Irritating. Irrational. Failure.
If the arrogant ass would’ve just kept that little opinion inside, she wouldn’t have looked up with such vengeance. She would’ve ignored her boss walking through the doors, cloak pulled over his dark head. A strong attempt to get rid of Rick before The Villain arrived at her table would’ve been made.
But none of that happened. Rick had in no certain terms issued a label upon her that said she was too much a burden for a lover. And nothing much mattered to her pounding emotions besides proving him wrong.
When The Villain saw her, he nodded in greeting, lowering his hood slowly. Upon spying Rick staring down at her, he frowned. He began walking toward her with such purpose, her toes curled. Evie sucked in a sharp breath, gripping the table once, before nearly exploding from her seat.

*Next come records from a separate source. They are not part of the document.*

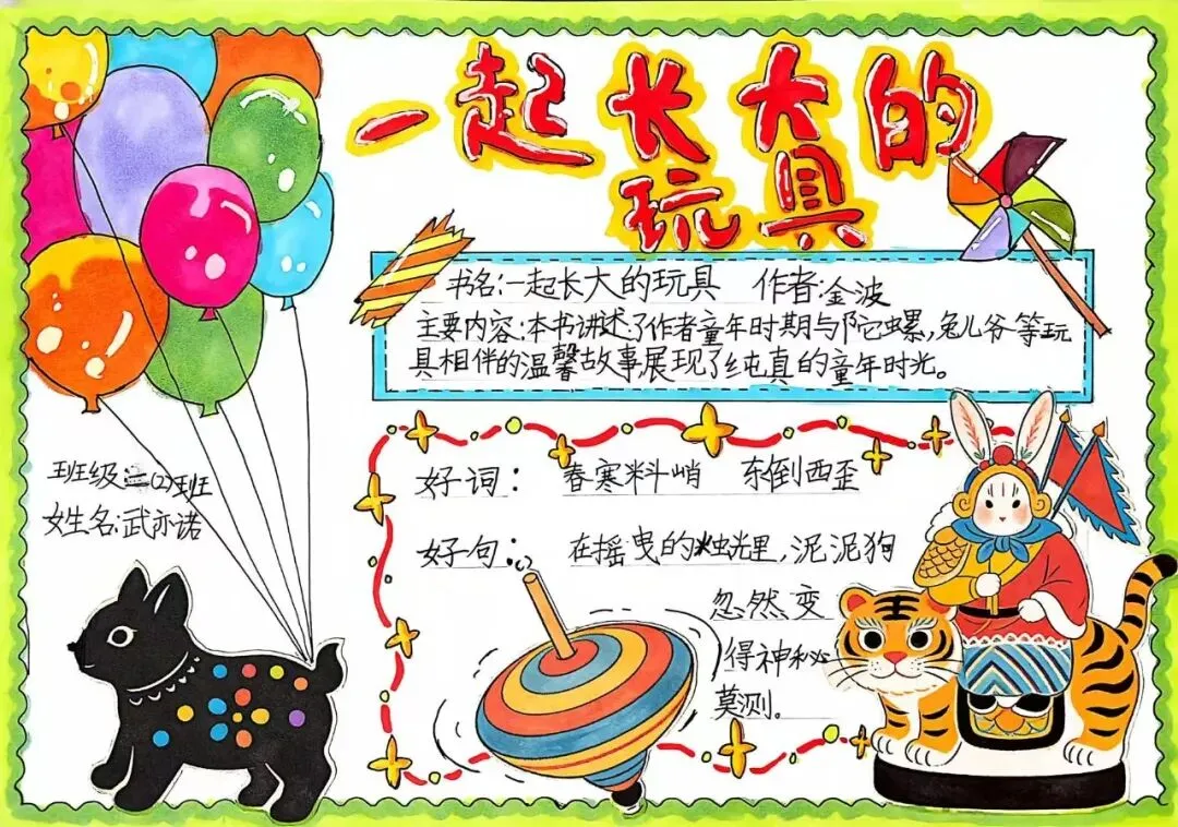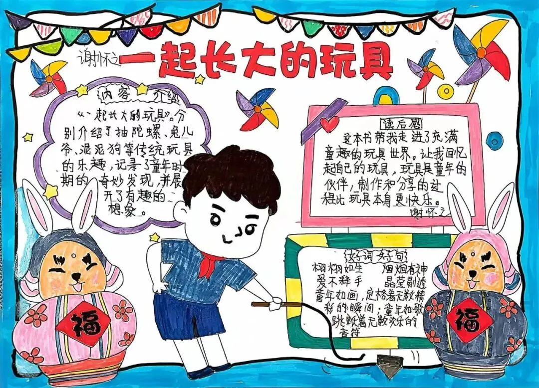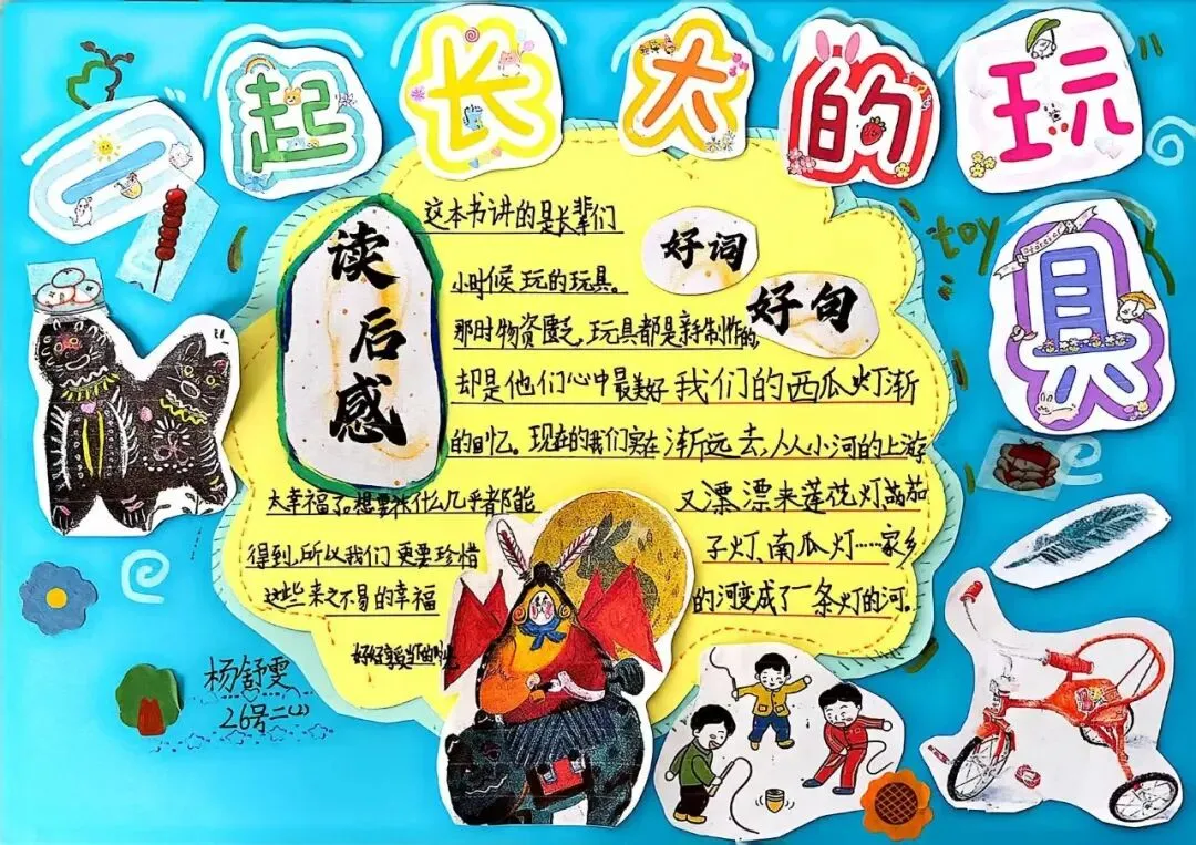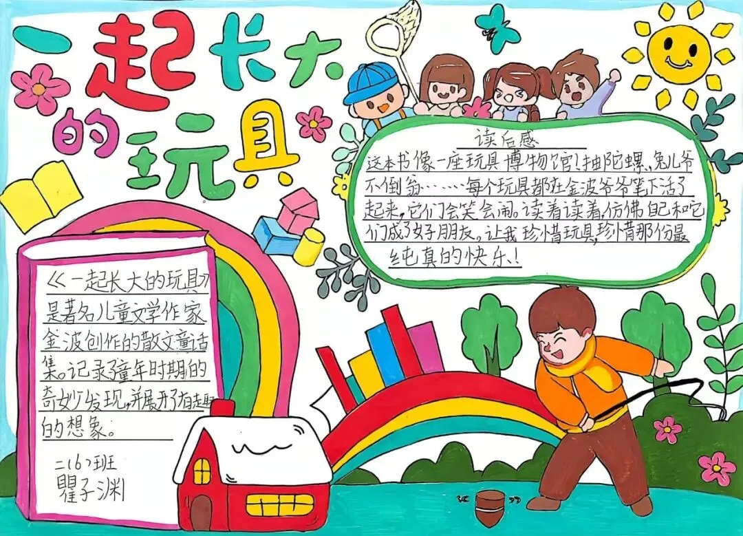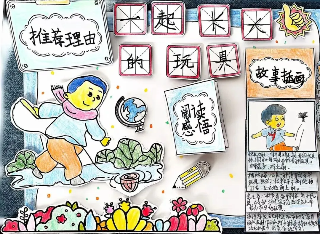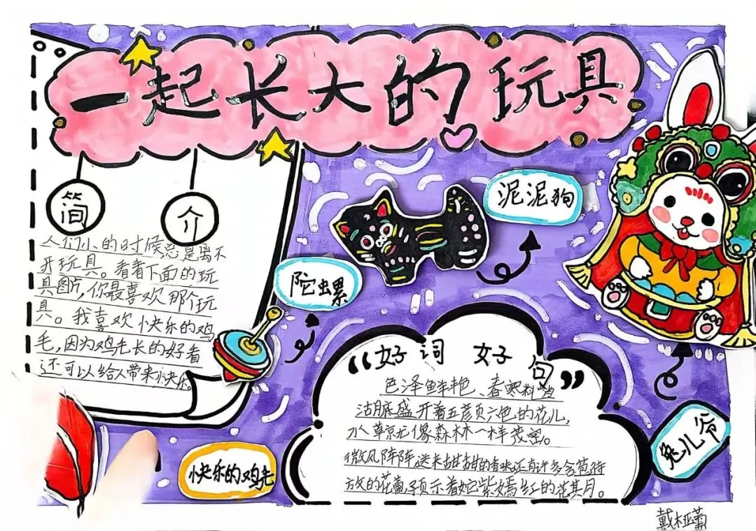 二年级的同学们围绕《一起长大的玩具》展开创作,他们画出了泥泥狗、抽陀螺等充满回忆的玩具形象,用文字分享玩具背后的童年趣事,不仅展现了对玩具的热爱,也传递出在陪伴中慢慢长大的温暖,尽显孩童视角下的纯粹与天真。
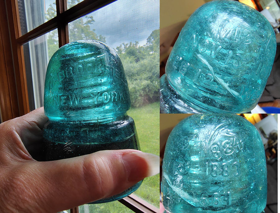 Here is a fizzy blue aqwa CREB beehive. The skirt needs to be cleaned. Unfortunately a crack on the dome. But the ghosting is interesting. Nov 13th is ghosted above the top patent date but then the 1884 from the bottom patent date is ghosted next to it. $30 + shipping. |
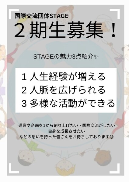 STAGEは国際交流がしたい!自身を成長させたいという皆さんをお待ちしています!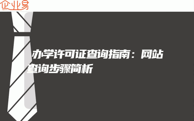 - 办学许可证查询指南:网站查询步骤简析一、引言随着教育信息化的发展,各类教育机构纷纷涌现。对于家长和学生来说,选择一所合法合规的学校至关重要。其中,查询办学许可证是验证学校是否具备合法办学资质的重要依据。本文将简要分析如何通过网站查询

She made it to her boss in two large strides and threw an arm around his middle, snuggling into his side.
He tensed all over, so quickly and rigidly that Evie thought for a moment she might have frozen him somehow. But she felt his head move down to her, and she couldn’t bring herself to look at him. Even when he questioned slowly, “Sage… Might I ask why you’re clinging to me like a barnacle?”
She didn’t answer him, just looked back to Rick, whose jaw had fallen to the floor. Evie reached up and patted The Villain’s chest awkwardly. “This is, uh…my lov…er.” She stumbled over the last words, and her boss made an unearthly choking sound.
Evie did look at him then, and his face held a frank horror. His mouth was still open slightly and his brows were so furrowed that they touched. “This is Rick,” Evie said with wide, pleading eyes. “He is someone I used to see.”
The Villain searched her face, and Evie forced a smile, trying to mask the panic she felt. But when her boss tilted his expression back up to Rick, his face was a mask of cool.
“Hello.” Clear warning rang through the hollow edges of the greeting.
Rick sized The Villain up and had the common sense to let the cocky smile slip away. “Oh, hello.”
Her boss couldn’t decide what to do with the hand that was hovering over Evie’s shoulder. She resisted amusement when the arm fell stiffly around her. His lips thinned when Rick tracked the movement.
“Well, Rick, it was delightful seeing you, but you should go,” Evie pressed. “We have lots to do!” The look of scrutiny made her squirm. “Like each other!” She laughed, but she felt her boss jolt under her hands as if she’d slapped him.
Rick coughed before shaking his head and laughing snidely. He started to strut past them but stopped to clap a hand on The Villain’s shoulder. “Good luck.”